As the manager of UUSC's Economic Justice Program, I was in Memphis on March 13, 2008, to represent UUSC and Let Justice Roll at the Interfaith Celebration to Continue Dr. King's Work for Living Wages. The event was held at historic Centenary United Methodist Church, where, in 1968, Reverend James Lawson organized major religious support for striking sanitation workers living with poverty wages, racial discrimination, and dangerous working conditions.

The lively gathering, full of testimony and song, reasserted the ongoing need to squarely lift up issues of race and class within the broader public debate — and highlighted ongoing work for living wages at the national, state, and local levels.

As part of the celebration, we heard from Taylor Rodgers, a former sanitation worker and Memphian at the heart of the 1968 "I am a Man" struggle.

Both Rodgers and King remind us that decent work is a human right — that all people have the right to work, to safe and healthy working conditions, and to equal pay for equal work. They also have the right to organize, ensuring for themselves and their families an existence worthy of human dignity.

As part of his remembrance and call for continued justice, Rodgers acknowledged his wife, seated in the pews. He thanked her for her encouragement during those dark times, recognizing how her support made his courage possible.

While listening to Rodgers, I was moved to understand the deep heroism of people like him and his wife. I understood in their example the spirit of King's sentiment, "We can get more organized together than we can apart."

UUSC recognizes the need to continue creating powerful, innovative collective action against racism, poverty-wage jobs, and militarization, which continue to plague us today.

On this special day — an anniversary of struggle, courage, loss, and hope — UUSC acknowledges the wide range of valuable contributions being made in the collective movement for justice and human rights.
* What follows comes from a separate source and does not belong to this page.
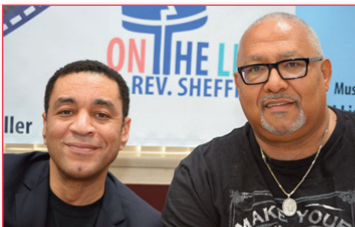
(Wake Up Call Guest Harry Lennix)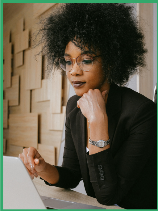
Caption: Black woman using a laptop.

We invite you to learn about how to join your efforts with ours.

Freedom Summer: A Civil Rights Journey

From July 12-19, 2008, UUSC's JustWorks Freedom Summer: A Civil Rights Journey will offer participants a chance to learn firsthand about the struggles for racial justice of the 1950s and 1960s. This intergenerational trip brings people together from around the country to travel by bus to sites significant in the U.S. civil rights movement. Join us!

Economic Justice

Today, you can't shop for food, buy a new pair of blue jeans, or order a cup of coffee without coming into contact with the contributions of workers, many of whom labor in unsafe conditions, in full-time jobs, at part-time wages. Sanitation workers, garment workers, poultry workers, street vendors, small farmers, and informal traders in the United States and around the world are increasingly at risk, with women and children among the most vulnerable.

UUSC's Economic Justice Program directly supports worker-led grassroots organizing and living-wage efforts in the United States and overseas, highlighting the impact of race, class, and gender on the lives of workers. We develop tools and resources for educating and mobilizing allies as partners in the workers' rights movement.

Civil Liberties

A key element of UUSC's Civil Liberties Program is opposition to the continuing Iraq war. King believed that the "giant triplets of racism, materialism, and militarism," were interconnected symptoms of the same social problem. And we agree.

This year, UUSC honored the legacy of King by increasing our commitment to peace and justice through efforts to end the Iraq war. Under the banner of The Cost of Iraq: Who Pays the Price?, UUSC continues to provide leadership through outreach, education, and mobilization to engage communities in peacemaking and human rights.